Светает. Легкая пелена облаков быстро рассеивается, обнажая разрумянившееся ото сна солнце. Оно выглядывает лениво и робко, разливаясь на горизонте маслянисто мягкой негой. И утренняя прохлада, которая, впрочем, скоро уступит место знойному дню, еще шелковисто окутывает кожу, и голова кружится от томной эйфории этих ветреных ласк.

Анхель выбегает во двор, ополаскивает руки в чане с ледяной водой, жадно зачерпывает, окунает лицо. Потом скидывает рубашку, подставляя крепкую грудь для нежного прикосновения солнца. Лучи игриво поблескивают, запутавшись в его влажных кудрявых вороных волосах, крошечными радугами вспыхивают алмазы капель, инкрустируя мускулистое бронзовое тело. Анхель вздыхает…Так беззаботно и легко, будто это вовсе не он десять минут назад изготавливал бомбы.

Почувствовав на себе мой взгляд, он смущенно улыбается, снова надевает рубашку.

– Не смотри так. А то Алессандро меня убьет.

Я невольно улыбаюсь.

– Успокойся. Я на тебя не ТАК смотрю.

– А как?

– Просто любуюсь. Ты знаешь, что ты чертовски красив.

– Знаю, – смеется он.

– Ну! Только не зазнавайся!

– Кто зазнается? Я? Вовсе нет! Просто знаю, что я красивый, умный, смелый, сильный и невероятно скромный.

– А еще ты умеешь улыбаться. А я так истосковалась по нормальной искренней улыбке.

Анхель опускает мне на плечо горячую влажную ладонь, дружески похлопывает – жест (увы, это я знаю наверняка), позаимствованный у Алессандро.

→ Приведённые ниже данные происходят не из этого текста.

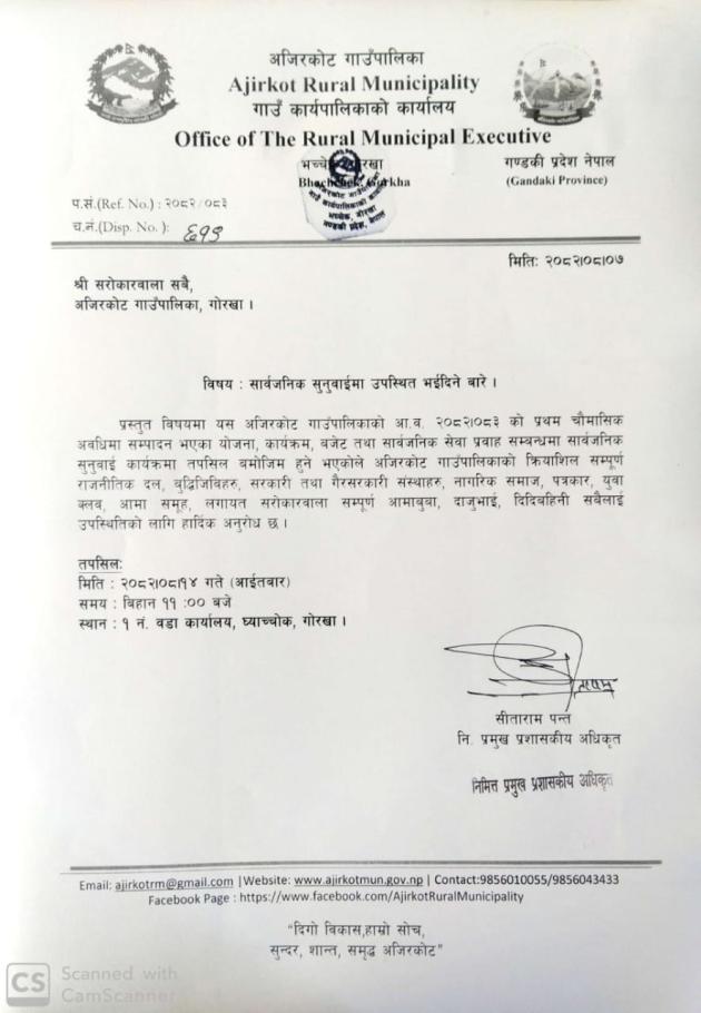सार्वजनिक सुनुवाईमा उपस्थित भईदिनु हुन।

– Не волнуйся, скоро мы все сможем нормально жить и радоваться жизни.

– Ты так думаешь?

Он удивленно смотрит на меня. Бесхитростно и по-детски наивно звучит его вопрос.

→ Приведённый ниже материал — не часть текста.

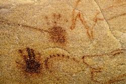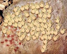 Positive hand prints, formed by coating the hand with pigment and pressing the hand on the wall. The second hand print may have been done at the same time, without recoating of the hand, as it is fainter.

– А ты разве, нет? Если не верить, то зачем всем этим заниматься?

Я пожимаю плечами, понимая, что не смогу возразить ему.

– Конечно, верю. Просто устала ждать этого светлого будущего. Устала на него надеяться.

– Мы не надеемся на светлое будущее – мы его воплощаем. Это ведь слова Алессандро?

Я киваю. Да, точно, и это его слова. Только эти слова он произносил до того, как стал другим. Но Анхель этого не знает. Да и ни к чему ему это знать.

– А теперь прекрати думать о плохом, закрой глаза и вдохни глубоко- глубоко… Ты чувствуешь ветер перемен?

Будто в подтверждение его слов, действительно усиливается ветер, принося с собой пьянящий аромат прелых трав с полей и блаженную прохладу.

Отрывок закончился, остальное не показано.